2013 IEEE 9th International Conference on e-Science最新文献

英文 中文
Consensus Sigma-70 Promoter Prediction Using Hadoop 基于Hadoop的共识Sigma-70启动子预测
Pub Date : 2013-10-22 DOI: 10.1109/eScience.2013.42
J. Hogan, W. Kelly, Felicity Newell
MapReduce frameworks such as Hadoop are well suited to handling large sets of data which can be processed separately and independently, with canonical applications in information retrieval and sales record analysis. Rapid advances in sequencing technology have ensured an explosion in the availability of genomic data, with a consequent rise in the importance of large scale comparative genomics, often involving operations and data relationships which deviate from the classical Map Reduce structure. This work examines the application of Hadoop to patterns of this nature, using as our focus a well established workflow for identifying promoters - binding sites for regulatory proteins - across multiple gene regions and organisms, coupled with the unifying step of assembling these results into a consensus sequence. Our approach demonstrates the utility of Hadoop for problems of this nature, showing how the tyranny of the "dominant decomposition" can be at least partially overcome. It also demonstrates how load balance and the granularity of parallelism can be optimized by pre-processing that splits and reorganizes input files, allowing a wide range of related problems to be brought under the same computational umbrella.

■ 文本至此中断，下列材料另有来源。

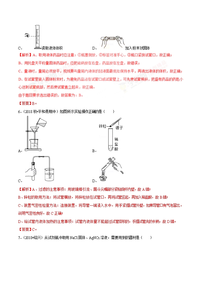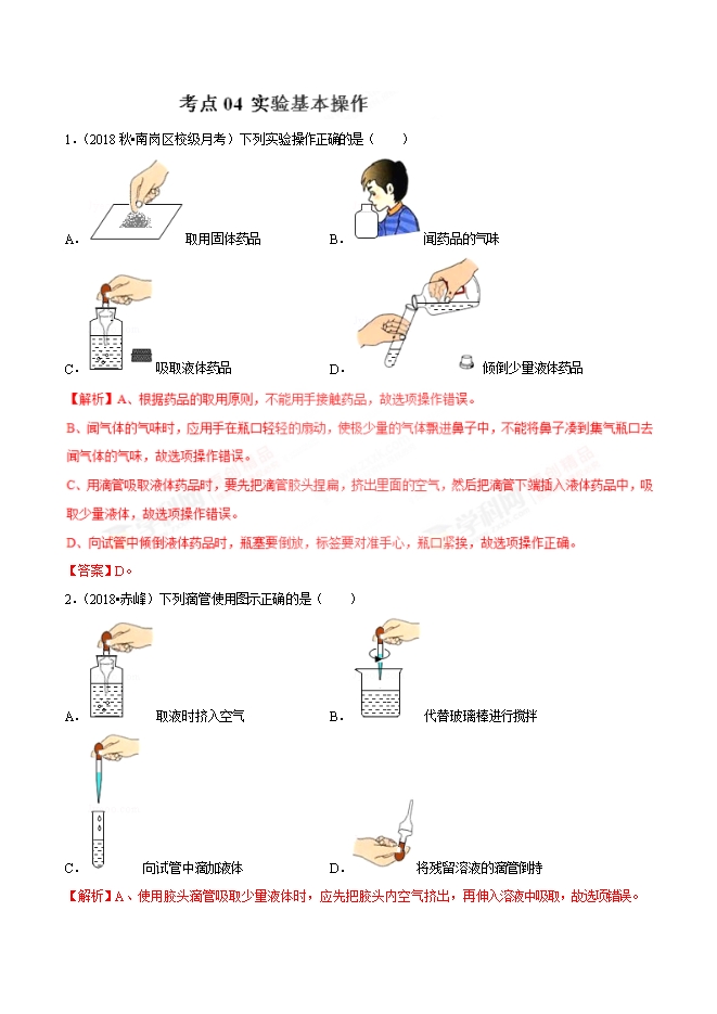 【内容简介】2019年中考九年级化学必刷题考点04 实验基本操作(解析版)

MapReduce框架(如Hadoop)非常适合处理可以单独和独立处理的大型数据集,在信息检索和销售记录分析中具有规范的应用程序。测序技术的快速发展确保了基因组数据的爆炸性增长,随之而来的是大规模比较基因组学的重要性上升,通常涉及偏离经典Map Reduce结构的操作和数据关系。这项工作考察了Hadoop在这种性质模式中的应用,我们的重点是建立一个良好的工作流程,用于识别跨多个基因区域和生物体的启动子(调节蛋白的结合位点),以及将这些结果组装成共识序列的统一步骤。我们的方法展示了Hadoop在解决这类问题上的实用性,展示了如何至少部分地克服“主导分解”的暴政。它还演示了如何通过分割和重新组织输入文件的预处理来优化负载平衡和并行度粒度,从而允许将广泛的相关问题放在同一个计算伞下。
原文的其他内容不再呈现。